Actually, it probably doesn't make sense1.

The object stream implementation internally wraps the stream it has been given with a private class called BlockDataOutputStream that does buffering. If you wrap the stream yourself, you will have two levels of buffering ... which is likely to make performance worse2.

And when I have to flush or should I not write a flush() statement?

Yes, flushing is probably necessary. But there is no universal answer as to when to do it.

  • On the one hand, if you flush too often, you generate extra network traffic.

  • On the other hand, if you don't flush when it is needed, the server can stall waiting for an object that the client has written but not flushed.

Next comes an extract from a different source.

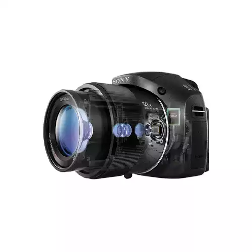 Sony Cyber-shot DSC-HX300 H Series digital camera features 20.4 megapixels Exmor R CMOS image sensor, 50x optical zoom lens (35mm equiv: 24-1200mm), Optical SteadyShot image stabilization, 3 inch 921k dot LCD screen, full manual controls, electronic viewfinder, Full 1080p HD video recording, ISO 80 - 12800, 1cm minimum focusing distance, 10 fps continuous shooting, artistic picture effects, sweep panorama mode etc.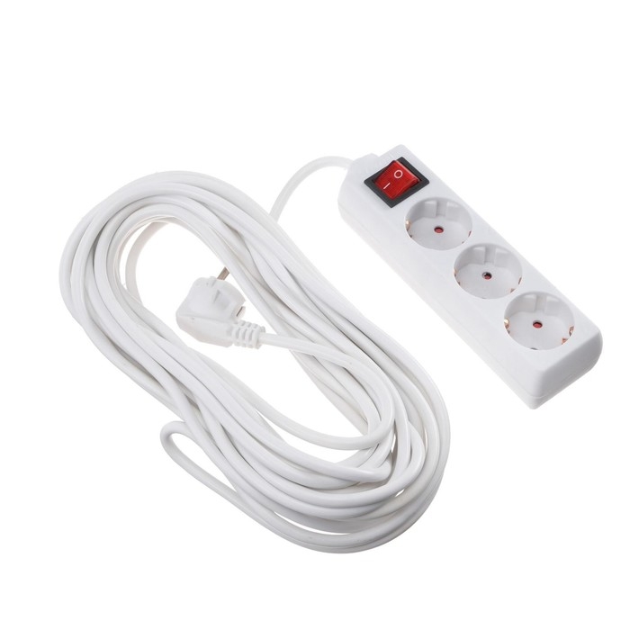 Удлинитель Luazon Lighting, 3 розетки, 10 м, 6 А, 1300 Вт, 3х0.75 мм2, с з/к, с выкл., Б

You need to find the compromise between these two syndromes ... and that depends on your application's client/server interaction patterns; e.g. whether the message patterns are synchronous (e.g. message/response) or asynchronous (e.g. message streaming).


1 - To be certain on this, you would need to do some forensic testing to 1) measure the system performance, and 2) determine what syscalls are made and when network packets are sent. For a general answer, you would need to repeat this for a number of use-cases. I'd also recommend looking at the Java library code yourself to confirm my (brief) reading.

2 - Probably only a little bit worse, but a well designed benchmark would pick up a small performance difference.


UPDATE

After writing the above, I found this Q&A - Performance issue using Javas Object streams with Sockets - which seems to suggest that using BufferedInputStream / BufferedOutputStream helps. However, I'm not certain whether the performance improvement that was reported is 1) real (i.e. not a warmup artefact) and 2) due to the buffering. It could be just due to adding the flush() call. (Why: because the flush could cause the network stack to push the data sooner.)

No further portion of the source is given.